Today, I was thinking more about using AI and Access. Particularly VBA, but I’d also like to be able to see if AI can understand my exported Access object files (I’m using OASIS SVN to export the Access objects currently, but there are other apps that can do that). Since Access exports forms, reports, queries, and modules, then theoretically, I could work with an AI that could figure out how to modify these exported files so I could work with the AI to request particular changes or suggestions, save it to the file and import it into my Access database.
Here’s what I’m finding so far:
- ChatGPT Team – My brother is using this to take an existing .Net app and use components from it to create a phone app for iPhones. He’s connected it to his repository and makes the changes it recommends manually. It’s helped him considerably and seems to have some promise. The particular license is for at least 2 people though, so it doesn’t make as much sense for a single person. One of the main benefits is the ability to have a persistent code base uploaded to the ChatGPT system.
- SDOpenAI – This is a plugin for Access using the OpenAI API. This has lots of promise. You can program this AI directly to do whatever you want and create ribbons and functions you can utilize in your apps for your users if you want. It has access to many of the OpenAI models. It is a pay as you go system. No subscription, you have to charge up an account which the API calls deduct from every time you do something with it. This does not have persistent knowledge you can load into it, but you can upload context with your requests. This allows you to upload a bunch of different functions to the API with a particular request, but you have to keep doing so. It can modify your code directly in the Access VBA IDE.
- SDOpenAI Assistants – This is a plugin for multiple Office apps and allows you to connect with OpenAI assistant APIs. These have persistent data vectors you can upload (meaning I could upload the exported database) and they will be available by that agent to use at any time for any request. So you don’t need to keep uploading the same data over and over. It can also perform some tasks, similar to the way connectors work in Microsoft Flow (or whatever they call it now). I don’t believe it could directly modify the database, but perhaps you could build a custom workflow of some kind that would be able to import changed files into your database… This could be a potential solution that could do everything. Not 100% sure yet.

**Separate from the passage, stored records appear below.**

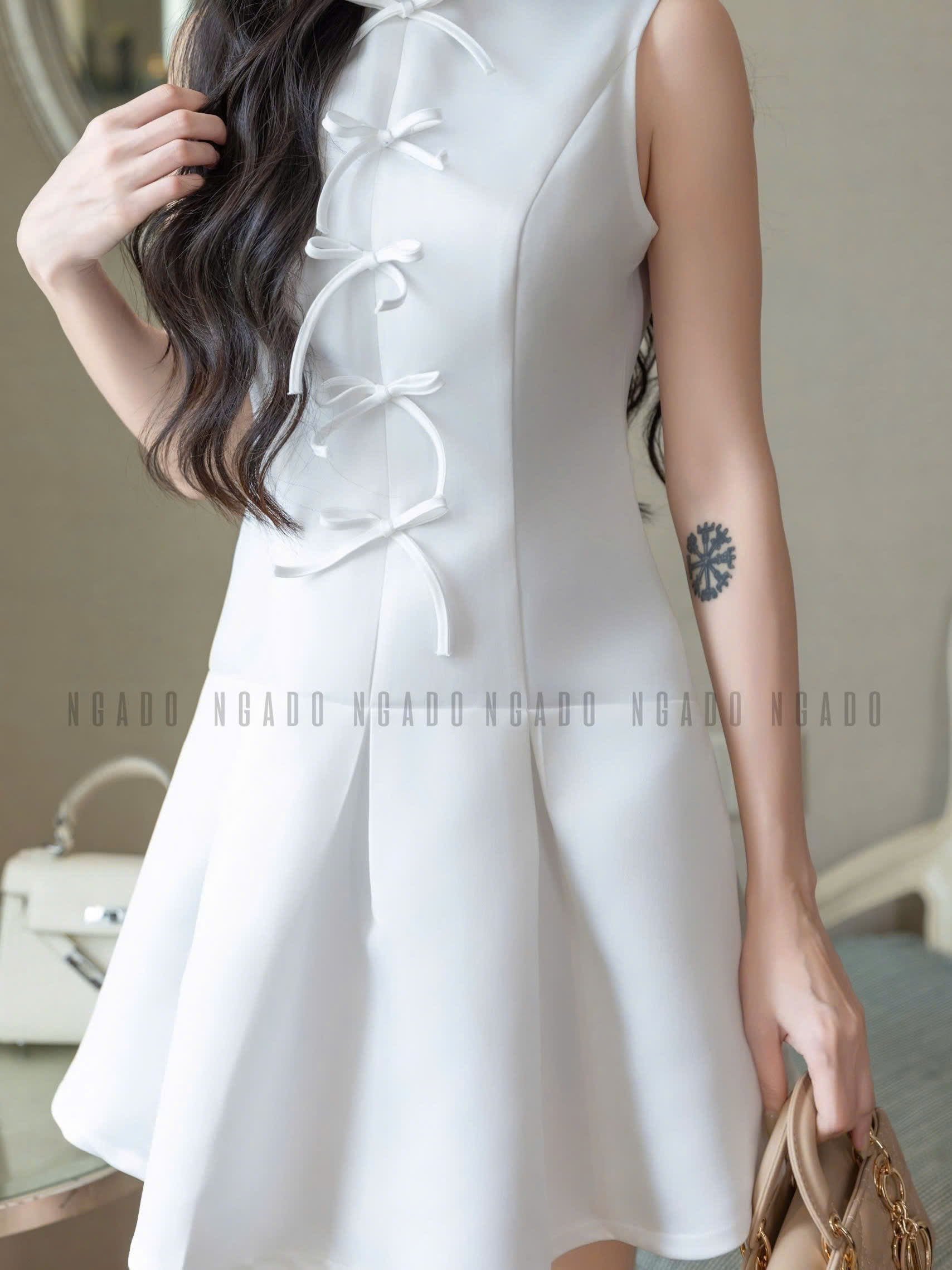 ✨Đầm trắng sát nách đính nơ NGADO , đầm kiểu Nữ , đầm dự tiệc
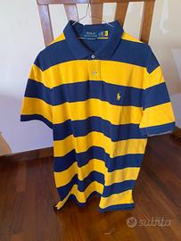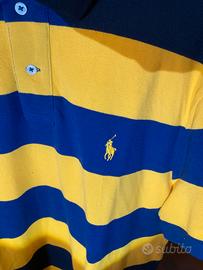 Polo Ralph Lauren uomo originale, taglia XL, Custom Slim Fit, fantasia a righe blu e giallo, logo ricamato sul petto
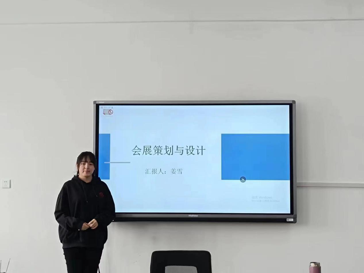 姜雪老师介绍了《会展策划与设计》课程。该课程拟打造以“课程思政贯穿主线、以会展行业人才需求为引导”的金课。线上由授课教师录制相关课程上传平台,实现“课前-课中-课后”三者的无缝对接,调动学生的积极性;线下与校企合作建设课程,该模式实现实际项目对接,加强实践策划能力。

- Copilot (free version in Edge) – I was able to upload a file to Onedrive and Copilot was able to look at it and analyze it. It was able to figure out what the database was running when it opened and give me tips on optimizing it. The main problem here is that the data you upload does not persist. You have to upload it with each session. It could however give me updated code which I could plug back in via the VBE editor or re-import it into the database. I am not aware of any pay versions that persist data. Copilot said there were not any, but I have found that sometimes it is just unaware as well. Another limitation of all the Copilot versions is that the models it uses are very limited and it does not use some of the newer advanced learning models (although that may be outdated info at this point… I do see in Copilot Chat the ability to go slower and think deeper…)

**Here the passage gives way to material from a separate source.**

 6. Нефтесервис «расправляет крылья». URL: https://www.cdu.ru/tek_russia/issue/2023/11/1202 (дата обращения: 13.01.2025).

- I also just briefly started looking into Github Copilot and found that it is available via Visual Studio Code (Not Visual Studio) and that Visual Studio Code has plugins to work with VBA. I’m not sure about how one might use this. It may offer some similar features to SDOpenAI Assistants in being able to work with a GitHub repository (persistent data) and also it could potentially update the code in your VS Code window which you could save to the GitHub repository. Perhaps you could also set up some kind of workflow to automatically import that new code into your Access database.